**TASK STATEMENT**
Below, some lines carry pictures; leave those pictures out and retype exactly the lines from the one with "Un plato ligero" through the one with "Using an alternating".

**PROVIDED RECORDS**

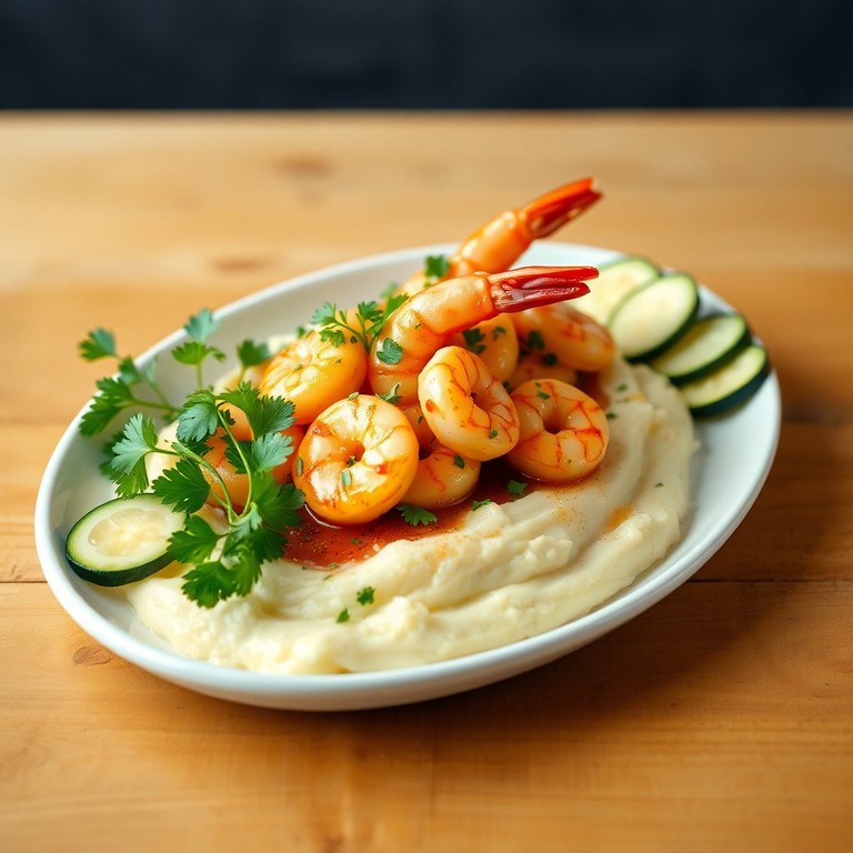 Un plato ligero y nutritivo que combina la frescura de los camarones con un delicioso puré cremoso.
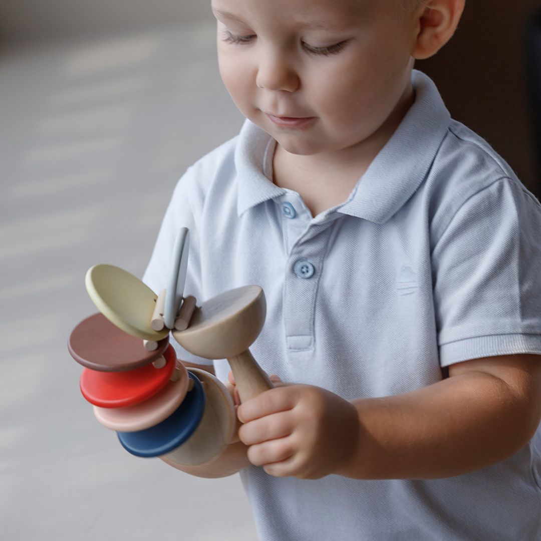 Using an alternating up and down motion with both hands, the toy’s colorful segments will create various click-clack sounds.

* * *

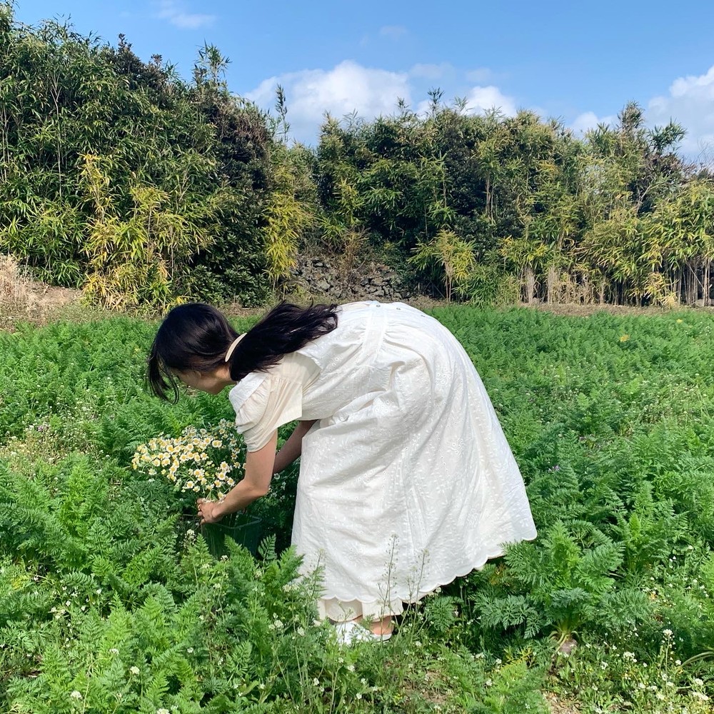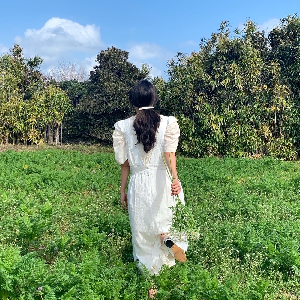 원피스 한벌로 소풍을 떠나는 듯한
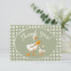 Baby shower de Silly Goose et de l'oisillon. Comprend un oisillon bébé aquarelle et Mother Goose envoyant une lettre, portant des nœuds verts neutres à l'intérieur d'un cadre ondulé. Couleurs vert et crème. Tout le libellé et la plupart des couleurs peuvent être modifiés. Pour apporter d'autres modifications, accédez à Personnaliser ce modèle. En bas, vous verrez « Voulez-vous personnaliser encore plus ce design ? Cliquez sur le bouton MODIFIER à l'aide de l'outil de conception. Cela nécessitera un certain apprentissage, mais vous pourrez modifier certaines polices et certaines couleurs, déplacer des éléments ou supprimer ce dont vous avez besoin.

**WRITTEN ANSWER**
 Un plato ligero y nutritivo que combina la frescura de los camarones con un delicioso puré cremoso.
 Using an alternating up and down motion with both hands, the toy’s colorful segments will create various click-clack sounds.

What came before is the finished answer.